General concept comments:

The study highlights a complex picture of rare SNPs in CD34+ cells of Hodgkin Lymphoma patients. The findings and methodology are presented mostly clear and in a logical order. The identified variants are explored via in silico tools and gene expression analysis to assess their potential biologic impact, thus strengthening the study’s findings.

The authors focus on SNPs in two gene loci (MUC4 and CNN2 genes). These SNPs are commonly found in the study cohort but carry a MAF of <0.01 in control databases. Overall, the study is meritorious in identifying novel MUC4 SNPs, and by associating SNPs in CD34+ cells to Hodgkin lymphoma. It provides a novel approach to the understanding of Hodgkin lymphoma with compelling arguments for the biological roles of the identified SNP loci. The authors’ conclusions are supported by their findings and are discussed in the context of the published literature in a meaningful way.

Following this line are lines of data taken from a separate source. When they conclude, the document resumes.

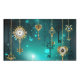 Gold, antique keys with gears and dials hang on gold chains on luminous green background.
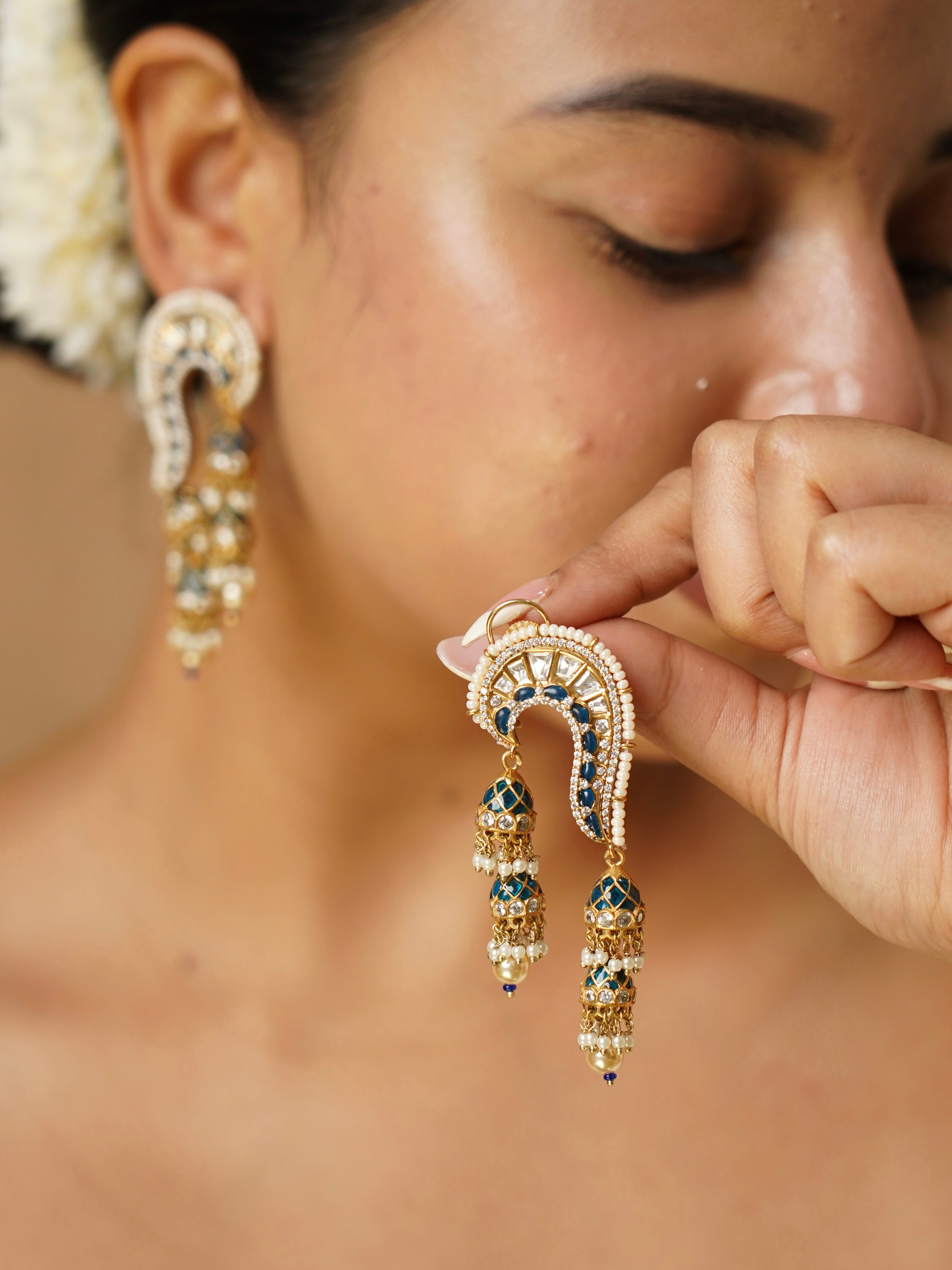 Elevate your style with these captivating double-jhumka earrings featuring sparkling Polki stones, emerald-green enamel, and pearl detailing. Crafted for traditional elegance, these earrings are ideal for bridal wear or special celebrations, adding a touch of royalty to your look.
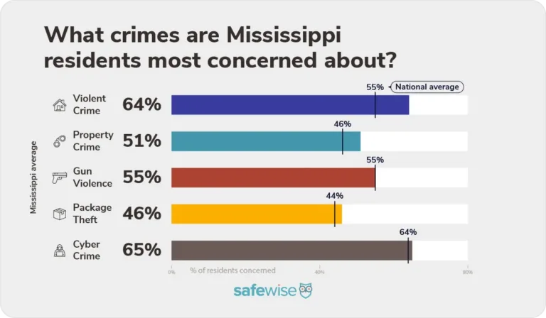 Bar chart showing the percentage of Mississippi residents concerned about violent crime, property crime, gun violence, package theft, and cyber crime. Image: SafeWise
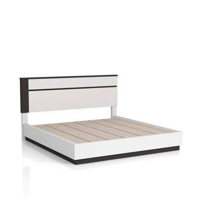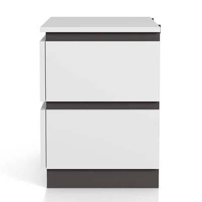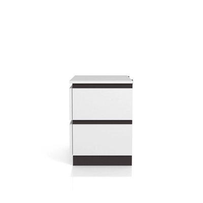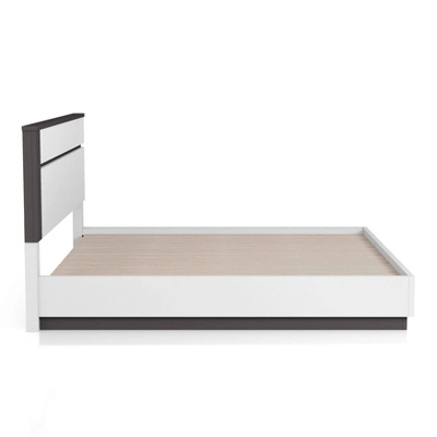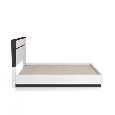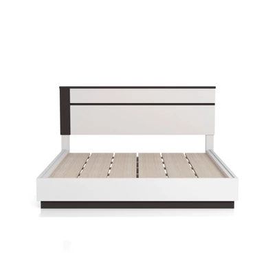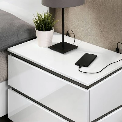 This visually striking, contemporary bedroom set boasts horizontal metallic gray lines set against crisp white panels in a lustrous high gloss finish for a bold, contrasting effect. An asymmetrical panel headboard shows off this two-tone design, creating clean lines with a hint of intrigue. Flush drawer fronts and concealed drawer pulls, along with built-in USB ports behind each nightstand, offer sleek touches and modern sensibilities. This frame is made from recycled lumber, which had its beggings on a rubber tree farm. To prevent the traditional waste of natural resources through burning, rubber trees are retired into furniture.
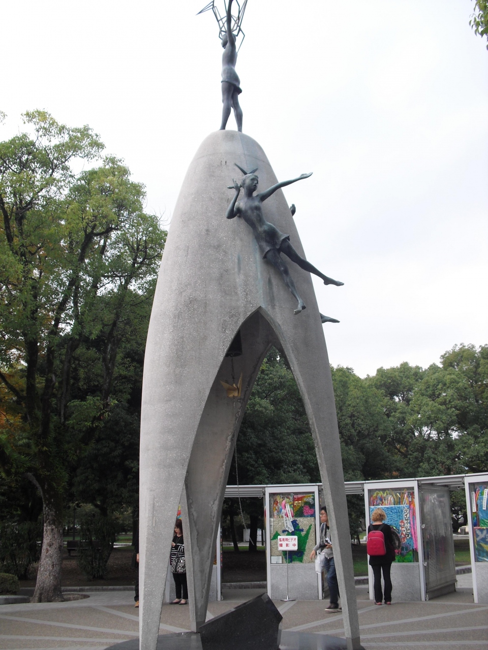 広島駅から市内電車で原爆ドーム前駅で降りると、すぐ平和公園です。よくテレビで見られる原爆資料館などは公園に入って南へ向かってしばらく歩きます。その途中に原爆ドームや様々な原爆に関する慰霊碑などがあります。もちろん原爆に関して色々学ぶ場でもあると思いますが、緑も多く、ゆっくり休めるベンチなどもたくさんあり公園としてもいい公園だと思います。

In the revised manuscript, the authors have addressed several reviewer comments in detail and added further clarifications to their methods- and results sections. Most notably, the 29 candidate Hodgkin Lymphoma-associated SNPs are now presented in more detail in table 2. The SNP impact scores from SIFT, PolyPhen 2, HDIV, MutationTaster, MutationAssessor and FATHMM are presented clearly in that table. Two additional databases were implemented for SNP assessment (ClinVar and Alphafold, table 2). These tools further underline the potential functional and/or pathogenic impact of several amino-acid coding SNPs.

In addition, details about the study methodology have been clarified. This includes information on the antibody used for CD34+ detection (line 118/119) and WES library preparation kit (line 124). Minor changes were implemented throughout the manuscript to address clarifications regarding comparisons of clinical characteristics in table 1 (line 196) and grammar/spelling (lines 60, 62, 283/284, 325).

Overall, the reviewer comments were addressed in full. The changes in the revised manuscript have increased transparency of the presented findings and the methodology behind the study.  

Author Response

Thank you for your comments and kind support.

Reviewer 2 Report

Comments and Suggestions for Authors

Thank you for addressing my comments. I have no further concern.

Author Response

Thank you for your comments and kind support.